======== Data provided ========

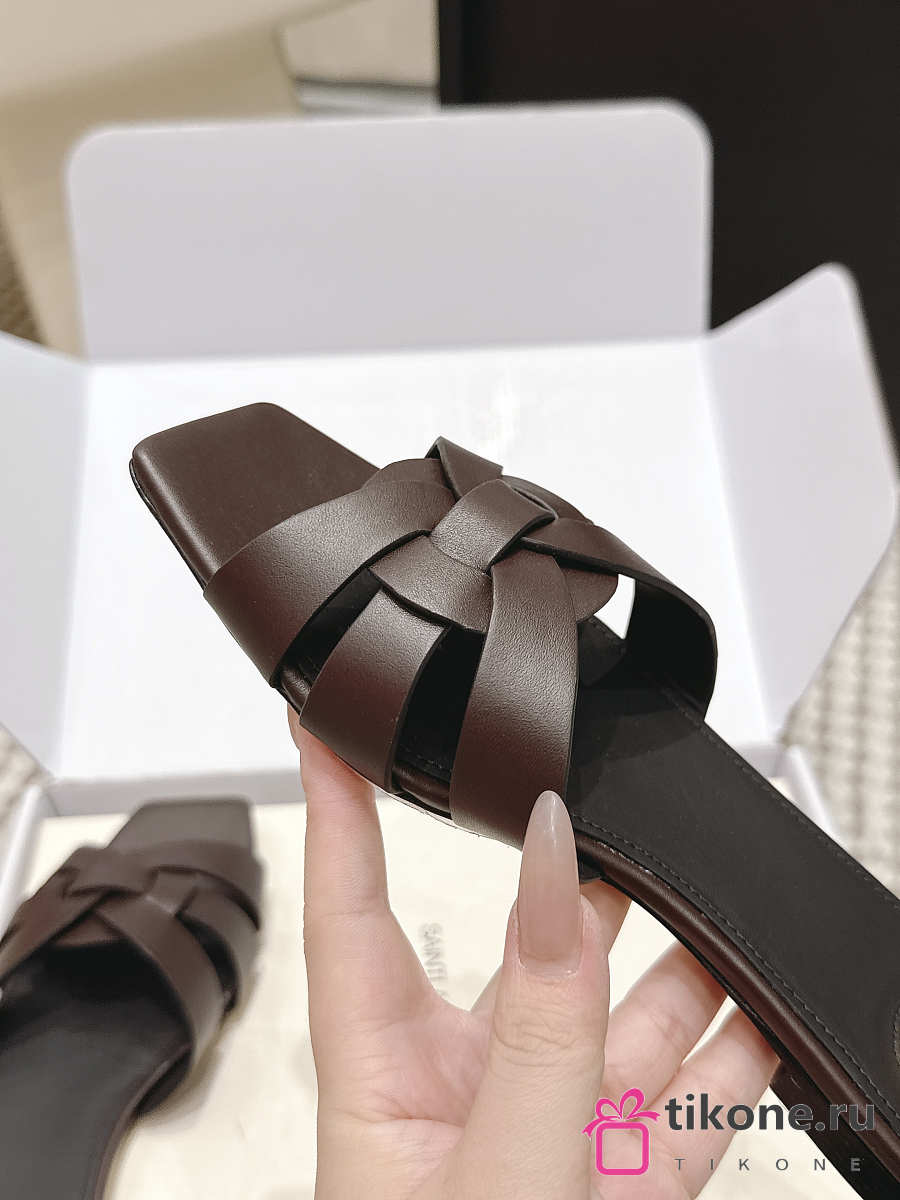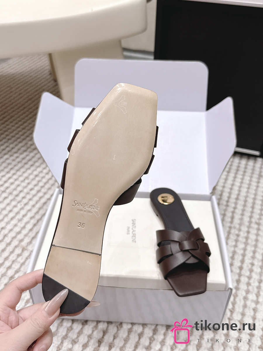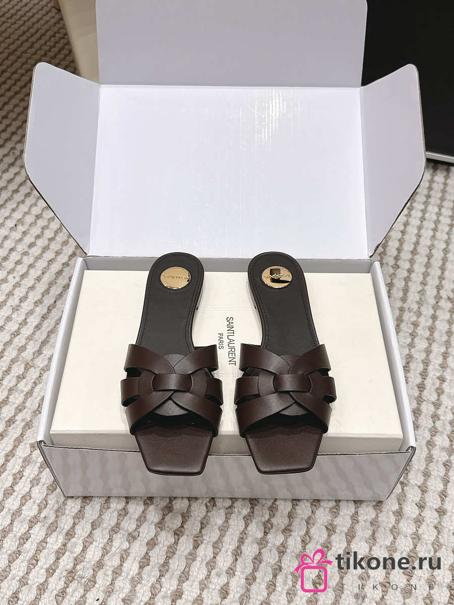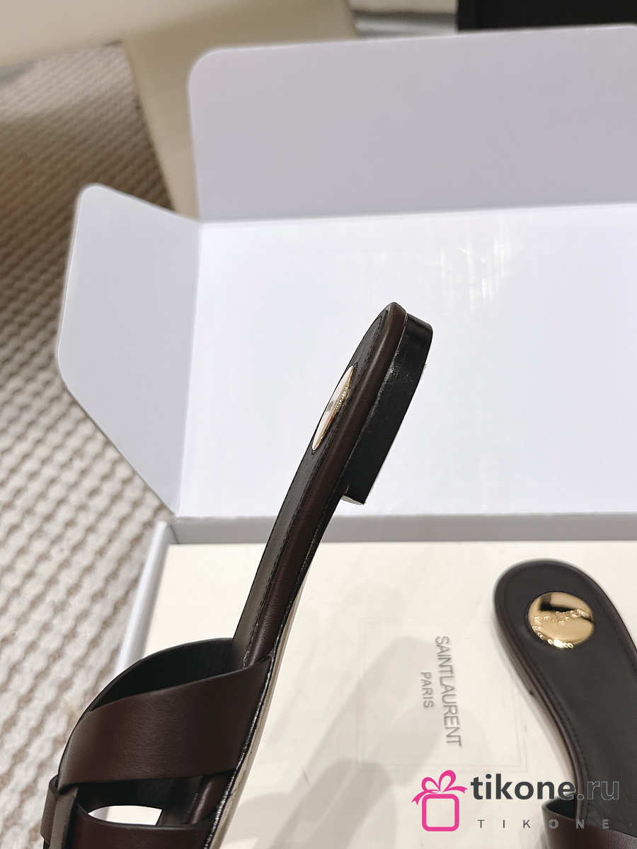 YSL Tribute Mules In Smooth Leather Dark Brown
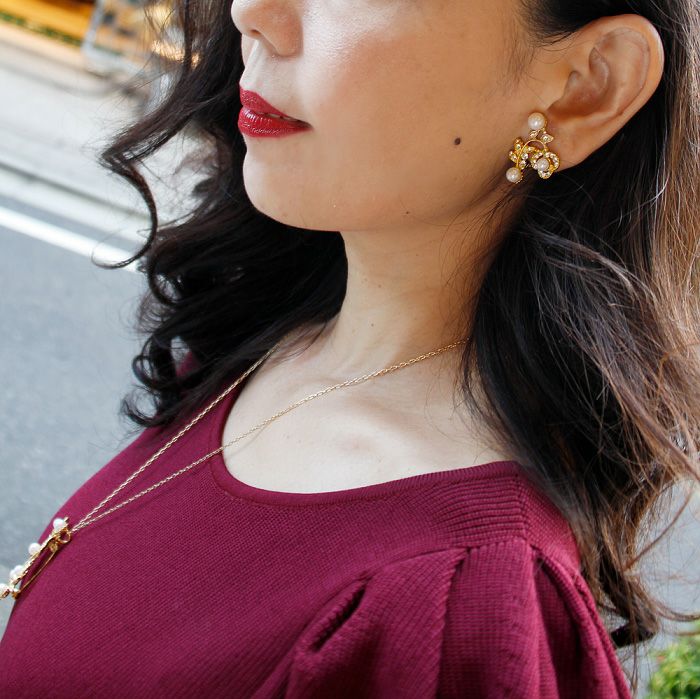 【アルファジュエリー】フラワーモチーフパールヴィンテージイヤリング/0033985G
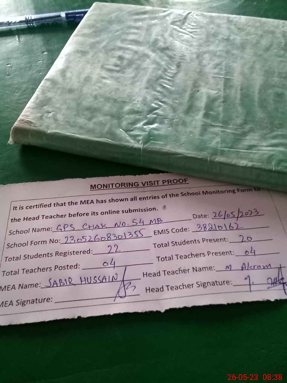 | EMIS Code: 38210162 | Name of School: GPS CHAK NO. 54 MB | |||
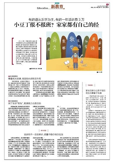 ■新快报记者 陈思陶 ●未报班家长 尊重成长规律,拔苗助长或有反作用 “有时间的话,还是自己带孩子好。”垚妈告诉记者,家中姐姐在广州海珠区读小学一年级,为了更好地培养孩子,她成为全职妈妈,目前没有给孩子报读培训班。她认为,对于一年级学生,家长密集的陪伴更为重要,可以帮助孩子渡过幼升小的过渡期,“再认真负责的培训班老师也不会比家长更了解自己的孩子,而且机构老师的精力是分散的,在孩子端正学习态度和养成良好的学习习惯方面,家长坚持示范、指导更有作用。”在知识传授上,有硕士生学历的汪妈表示一年级的课程内容还可以胜任,但孩子养成好的学习习惯并进入更高年级后,她并不排斥报读培训班。 “早早学会那么多东西不重要。”蔡妈从事刊物设计,强调要尊重孩子的发育和成长规律,“儿子在广州越秀区公立小学读书,学校里没有排名,老师也强调小初年级的学习方式是以乐学为主,学校也是遵循零基础教学。”她也坦言,作业或者其他任务压力也不是没有,孩子还在适应期,而且男孩子在小学阶段成长可能慢一点,中学还是有后发优势的,她表示,已经和孩子爸爸达成共识,没有必要在一年级就报班,拔苗助长可能会让孩子失去对学习的兴趣。 ●已报班家长 除了追求“领先”,拓展能力也是目标 想提高成绩、或领跑其他同学是受访家长提及最多的报读培训班的缘由。“百以内的加减法、拼音、常见汉字、英语自然拼读、看图说话,孩子都学过了,看了看一年级的课本,孩子大部分能掌握。”在入读一年级前,吕妈已经给孩子报过启蒙班、幼小衔接班,她认为从开始阶段就领跑,在目前主流评价仍以分数为主的环境下,孩子能更快适应环境,会受到更多关注,也能更自信。虽然所报读的秋季班还没有开课,但吕妈早在暑假已经付款购课。 除了追求成绩,家长们选择早早报班也有其他原因。一年级新生梓萌的妈妈告诉记者,家里是双职工,父母祖辈也没办法照顾孩子,课余时间把孩子送到培训班是最好的选择,“暑假已经送她到小区的英语早教班,从早上8时到下午6时,一直有老师陪着,有将近20个孩子在班里。其实吧,学习英语是附带的,也不指望这么小的孩子能学到多少,能看管好孩子,有说英语的氛围就好。” 对于报班,包包妈有更明确的目标,但她更侧重思维拓展、智力开发、英语语感、数学数感等培训班,“一年级是孩子学习的关键期,可塑性很高。”她说孩子很喜欢、听得进老师的话,她认为专业机构对培养孩子的这些能力更有专业性。“你自己教孩子一没有有趣的方法,二可能教着教着就心态就崩了,最后和孩子鸡飞狗跳。”她笑着说。 家长经验 培训班不一定效果好,质量不稳价格还会涨 如果决定要报班,家长需要考量的问题又来了。作为过来人,孩子就读三年级的成睿妈妈告诉记者,即使一年级坚持不报班,上了三、四、五年级也要加入培训大军。“大环境就是这样。”成睿妈妈说,成睿一年级时学习表现一般,老师也暗示过加强辅导,我就给他请了一对一家教,但对效果并不十分满意,孩子成绩没有明显变化,“单语文一科,换过近5个老师。”她还表示,并不是报了培训班、找了老师就有用,最后只能“继续给他补习,起码每天完成作业没有问题。” 除了效果问题,花费也是家长们的另一个吐槽点。10位受访家长中,已报读培训班的近一年补习花费平均价格超过3万元。“自己买衣服买包价格比了又比,培训课一旦选好立刻付款。”包包妈感慨培训班“消金”,对于9.9元、49.9元等网课她都会试听,希望找到性价比更高的课程,她还提到,“正价网课比线下课便宜,暑假试听过后,秋季班课时费也涨了大概17%。” 同时,教学效果不佳,或机构声称课程体系“升级”导致课时缩短或师资变化而引发的合同退费问题,也让家长们感到不满。包包妈提到,今年初一款英语在线课转发朋友圈推广有赠课,但是升级后赠课减少,要求退费后核算标准也与平台标准不同,“没有退费又加上疫情影响,我一度担心它们跑路,花钱也受罪。”记者了解到,直至开学前,包包妈也没有退费成功,协商后转而改上同平台的其他课程。
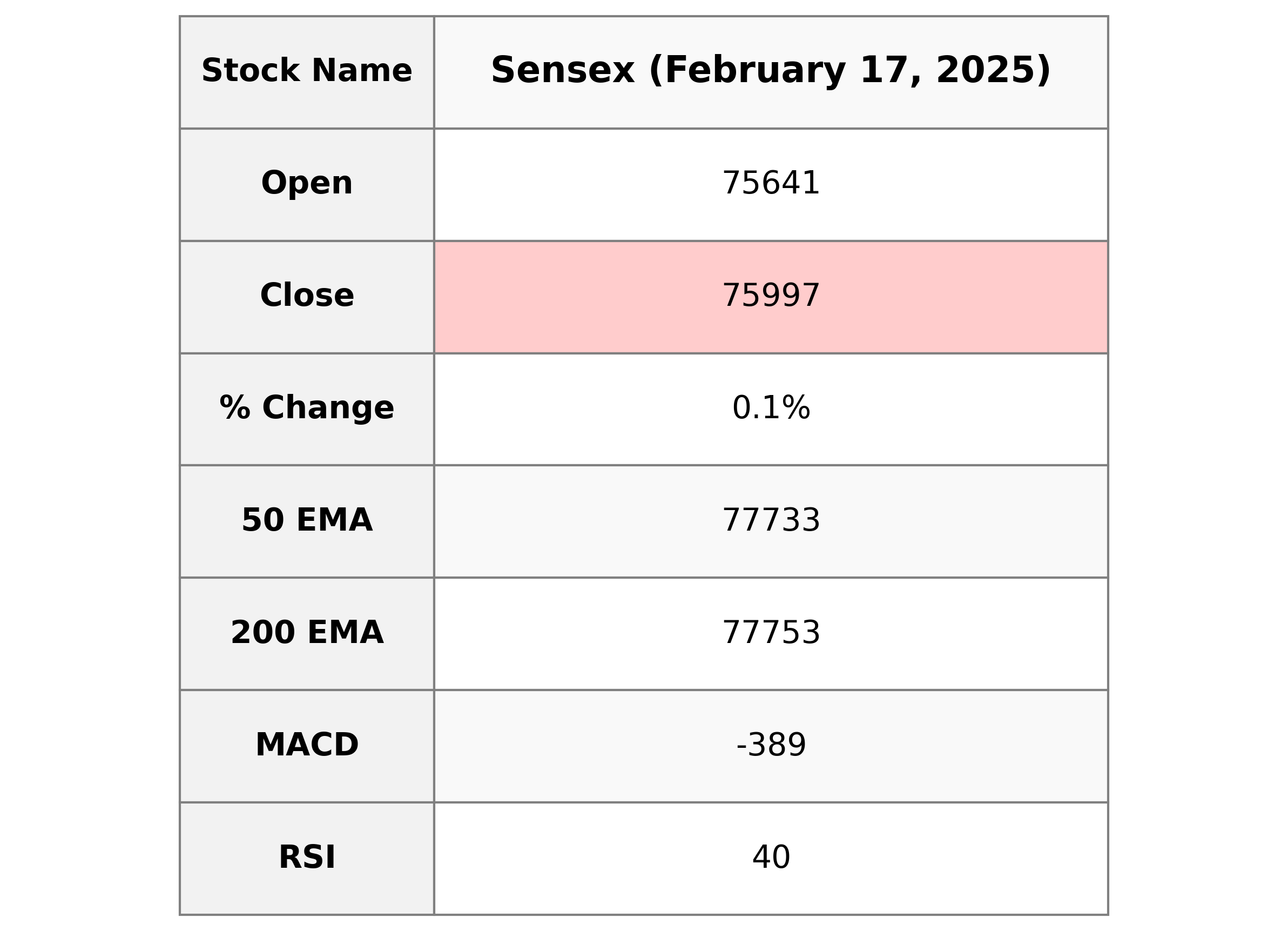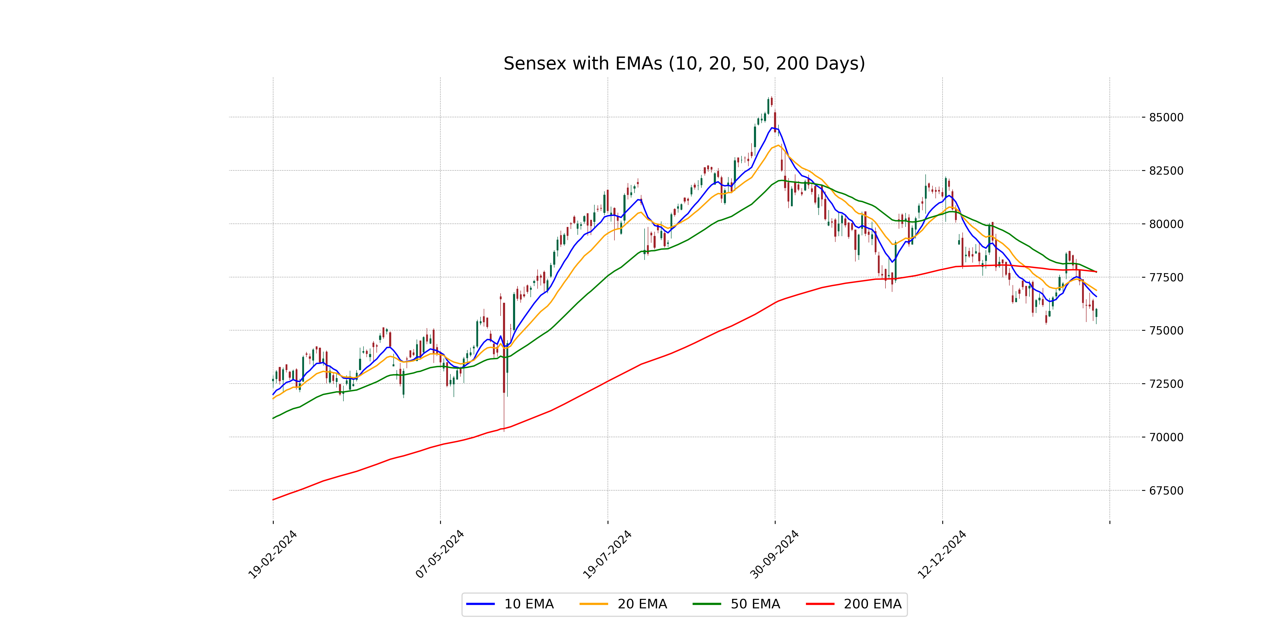 The Sensex closed at 75,996.86, which is below its 50 EMA (77,732.96) and 200 EMA (77,753.09), indicating potential bearish momentum. It is, however, above the 10 EMA (76,588.99) and 20 EMA (76,881.21), suggesting short-term positive movement in an overall downtrend.

========

Brief: Keep the pictures out and write out the records exactly.

Answer box:
 YSL Tribute Mules In Smooth Leather Dark Brown
 【アルファジュエリー】フラワーモチーフパールヴィンテージイヤリング/0033985G
 | EMIS Code: 38210162 | Name of School: GPS CHAK NO. 54 MB | |||
 ■新快报记者 陈思陶 ●未报班家长 尊重成长规律,拔苗助长或有反作用 “有时间的话,还是自己带孩子好。”垚妈告诉记者,家中姐姐在广州海珠区读小学一年级,为了更好地培养孩子,她成为全职妈妈,目前没有给孩子报读培训班。她认为,对于一年级学生,家长密集的陪伴更为重要,可以帮助孩子渡过幼升小的过渡期,“再认真负责的培训班老师也不会比家长更了解自己的孩子,而且机构老师的精力是分散的,在孩子端正学习态度和养成良好的学习习惯方面,家长坚持示范、指导更有作用。”在知识传授上,有硕士生学历的汪妈表示一年级的课程内容还可以胜任,但孩子养成好的学习习惯并进入更高年级后,她并不排斥报读培训班。 “早早学会那么多东西不重要。”蔡妈从事刊物设计,强调要尊重孩子的发育和成长规律,“儿子在广州越秀区公立小学读书,学校里没有排名,老师也强调小初年级的学习方式是以乐学为主,学校也是遵循零基础教学。”她也坦言,作业或者其他任务压力也不是没有,孩子还在适应期,而且男孩子在小学阶段成长可能慢一点,中学还是有后发优势的,她表示,已经和孩子爸爸达成共识,没有必要在一年级就报班,拔苗助长可能会让孩子失去对学习的兴趣。 ●已报班家长 除了追求“领先”,拓展能力也是目标 想提高成绩、或领跑其他同学是受访家长提及最多的报读培训班的缘由。“百以内的加减法、拼音、常见汉字、英语自然拼读、看图说话,孩子都学过了,看了看一年级的课本,孩子大部分能掌握。”在入读一年级前,吕妈已经给孩子报过启蒙班、幼小衔接班,她认为从开始阶段就领跑,在目前主流评价仍以分数为主的环境下,孩子能更快适应环境,会受到更多关注,也能更自信。虽然所报读的秋季班还没有开课,但吕妈早在暑假已经付款购课。 除了追求成绩,家长们选择早早报班也有其他原因。一年级新生梓萌的妈妈告诉记者,家里是双职工,父母祖辈也没办法照顾孩子,课余时间把孩子送到培训班是最好的选择,“暑假已经送她到小区的英语早教班,从早上8时到下午6时,一直有老师陪着,有将近20个孩子在班里。其实吧,学习英语是附带的,也不指望这么小的孩子能学到多少,能看管好孩子,有说英语的氛围就好。” 对于报班,包包妈有更明确的目标,但她更侧重思维拓展、智力开发、英语语感、数学数感等培训班,“一年级是孩子学习的关键期,可塑性很高。”她说孩子很喜欢、听得进老师的话,她认为专业机构对培养孩子的这些能力更有专业性。“你自己教孩子一没有有趣的方法,二可能教着教着就心态就崩了,最后和孩子鸡飞狗跳。”她笑着说。 家长经验 培训班不一定效果好,质量不稳价格还会涨 如果决定要报班,家长需要考量的问题又来了。作为过来人,孩子就读三年级的成睿妈妈告诉记者,即使一年级坚持不报班,上了三、四、五年级也要加入培训大军。“大环境就是这样。”成睿妈妈说,成睿一年级时学习表现一般,老师也暗示过加强辅导,我就给他请了一对一家教,但对效果并不十分满意,孩子成绩没有明显变化,“单语文一科,换过近5个老师。”她还表示,并不是报了培训班、找了老师就有用,最后只能“继续给他补习,起码每天完成作业没有问题。” 除了效果问题,花费也是家长们的另一个吐槽点。10位受访家长中,已报读培训班的近一年补习花费平均价格超过3万元。“自己买衣服买包价格比了又比,培训课一旦选好立刻付款。”包包妈感慨培训班“消金”,对于9.9元、49.9元等网课她都会试听,希望找到性价比更高的课程,她还提到,“正价网课比线下课便宜,暑假试听过后,秋季班课时费也涨了大概17%。” 同时,教学效果不佳,或机构声称课程体系“升级”导致课时缩短或师资变化而引发的合同退费问题,也让家长们感到不满。包包妈提到,今年初一款英语在线课转发朋友圈推广有赠课,但是升级后赠课减少,要求退费后核算标准也与平台标准不同,“没有退费又加上疫情影响,我一度担心它们跑路,花钱也受罪。”记者了解到,直至开学前,包包妈也没有退费成功,协商后转而改上同平台的其他课程。
 The Sensex closed at 75,996.86, which is below its 50 EMA (77,732.96) and 200 EMA (77,753.09), indicating potential bearish momentum. It is, however, above the 10 EMA (76,588.99) and 20 EMA (76,881.21), suggesting short-term positive movement in an overall downtrend.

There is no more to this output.